In the records that follow, find the line with "I resten af"; from there, retype every line exactly through the line with "Featuring a red", which also belongs to the answer.

━━ STUDY MATERIAL

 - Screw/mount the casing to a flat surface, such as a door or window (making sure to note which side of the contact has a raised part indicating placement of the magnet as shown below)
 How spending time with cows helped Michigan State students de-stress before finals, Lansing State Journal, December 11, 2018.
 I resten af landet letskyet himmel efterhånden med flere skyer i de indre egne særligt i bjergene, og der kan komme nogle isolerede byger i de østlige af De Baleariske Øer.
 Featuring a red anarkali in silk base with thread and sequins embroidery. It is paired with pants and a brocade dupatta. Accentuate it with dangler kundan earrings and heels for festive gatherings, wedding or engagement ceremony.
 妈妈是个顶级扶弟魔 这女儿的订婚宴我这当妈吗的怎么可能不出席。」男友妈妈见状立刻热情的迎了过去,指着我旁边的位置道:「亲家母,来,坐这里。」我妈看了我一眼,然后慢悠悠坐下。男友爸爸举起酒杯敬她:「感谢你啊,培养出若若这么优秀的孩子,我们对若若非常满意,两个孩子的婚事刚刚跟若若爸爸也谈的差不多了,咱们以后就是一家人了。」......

━━━━
━━ STUDY MATERIAL

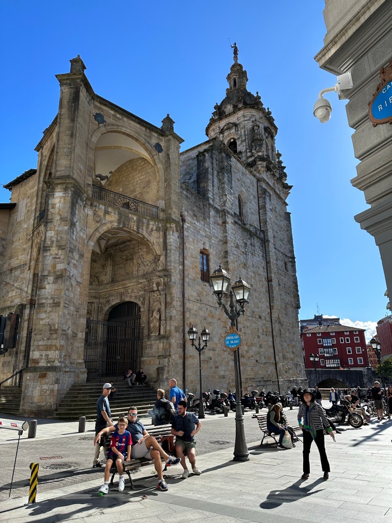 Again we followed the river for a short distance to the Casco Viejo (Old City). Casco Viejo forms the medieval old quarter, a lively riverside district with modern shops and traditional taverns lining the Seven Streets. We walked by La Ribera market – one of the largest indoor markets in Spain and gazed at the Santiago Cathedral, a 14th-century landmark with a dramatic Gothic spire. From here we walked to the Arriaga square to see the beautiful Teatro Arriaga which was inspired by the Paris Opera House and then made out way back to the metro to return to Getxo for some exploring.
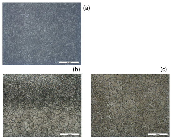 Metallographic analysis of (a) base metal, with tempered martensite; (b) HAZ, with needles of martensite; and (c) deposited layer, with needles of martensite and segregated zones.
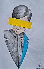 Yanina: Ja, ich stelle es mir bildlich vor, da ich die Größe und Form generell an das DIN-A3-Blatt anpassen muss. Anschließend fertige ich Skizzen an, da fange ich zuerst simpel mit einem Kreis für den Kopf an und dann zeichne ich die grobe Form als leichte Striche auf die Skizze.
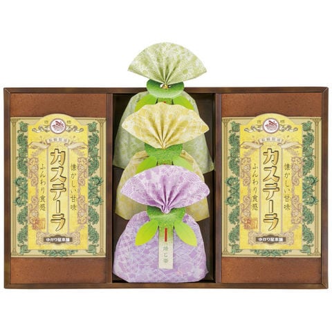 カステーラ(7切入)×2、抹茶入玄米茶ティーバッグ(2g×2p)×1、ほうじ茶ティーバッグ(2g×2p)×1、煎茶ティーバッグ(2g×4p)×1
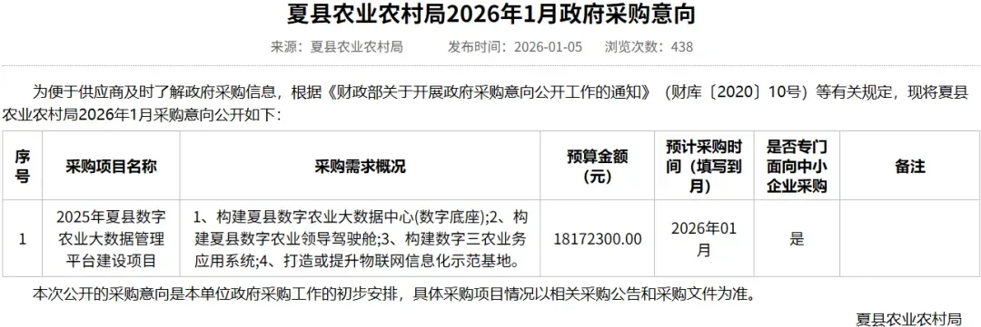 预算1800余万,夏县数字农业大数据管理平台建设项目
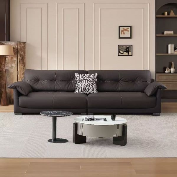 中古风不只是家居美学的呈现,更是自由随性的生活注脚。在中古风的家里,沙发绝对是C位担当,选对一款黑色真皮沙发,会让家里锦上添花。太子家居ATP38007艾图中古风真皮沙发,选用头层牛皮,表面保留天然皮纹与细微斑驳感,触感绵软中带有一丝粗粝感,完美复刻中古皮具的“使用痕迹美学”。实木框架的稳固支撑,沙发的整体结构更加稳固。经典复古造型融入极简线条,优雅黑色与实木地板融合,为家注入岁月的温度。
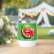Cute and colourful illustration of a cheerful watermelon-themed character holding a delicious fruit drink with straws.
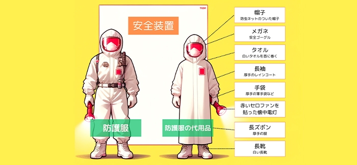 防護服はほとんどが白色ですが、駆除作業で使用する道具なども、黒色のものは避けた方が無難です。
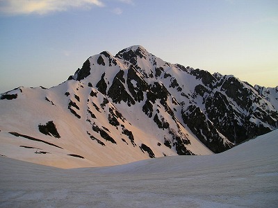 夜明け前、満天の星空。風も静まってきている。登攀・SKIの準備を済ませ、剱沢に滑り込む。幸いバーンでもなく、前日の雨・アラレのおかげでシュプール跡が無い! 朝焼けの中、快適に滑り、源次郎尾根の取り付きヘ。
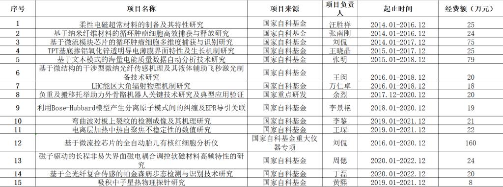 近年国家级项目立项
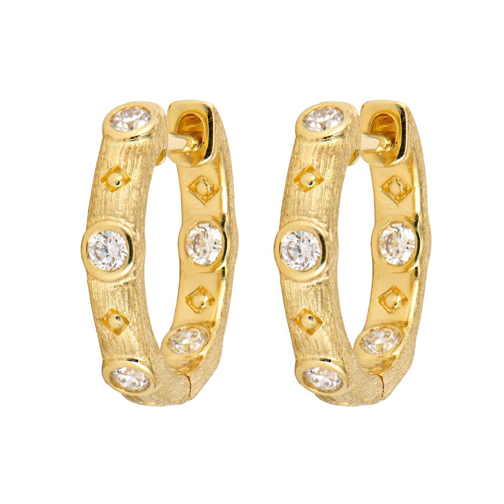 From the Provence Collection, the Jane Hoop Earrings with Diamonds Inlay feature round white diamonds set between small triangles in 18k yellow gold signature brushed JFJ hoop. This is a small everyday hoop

━━━━

* **EXERCISE ANSWER**
 I resten af landet letskyet himmel efterhånden med flere skyer i de indre egne særligt i bjergene, og der kan komme nogle isolerede byger i de østlige af De Baleariske Øer.
 Featuring a red anarkali in silk base with thread and sequins embroidery. It is paired with pants and a brocade dupatta. Accentuate it with dangler kundan earrings and heels for festive gatherings, wedding or engagement ceremony.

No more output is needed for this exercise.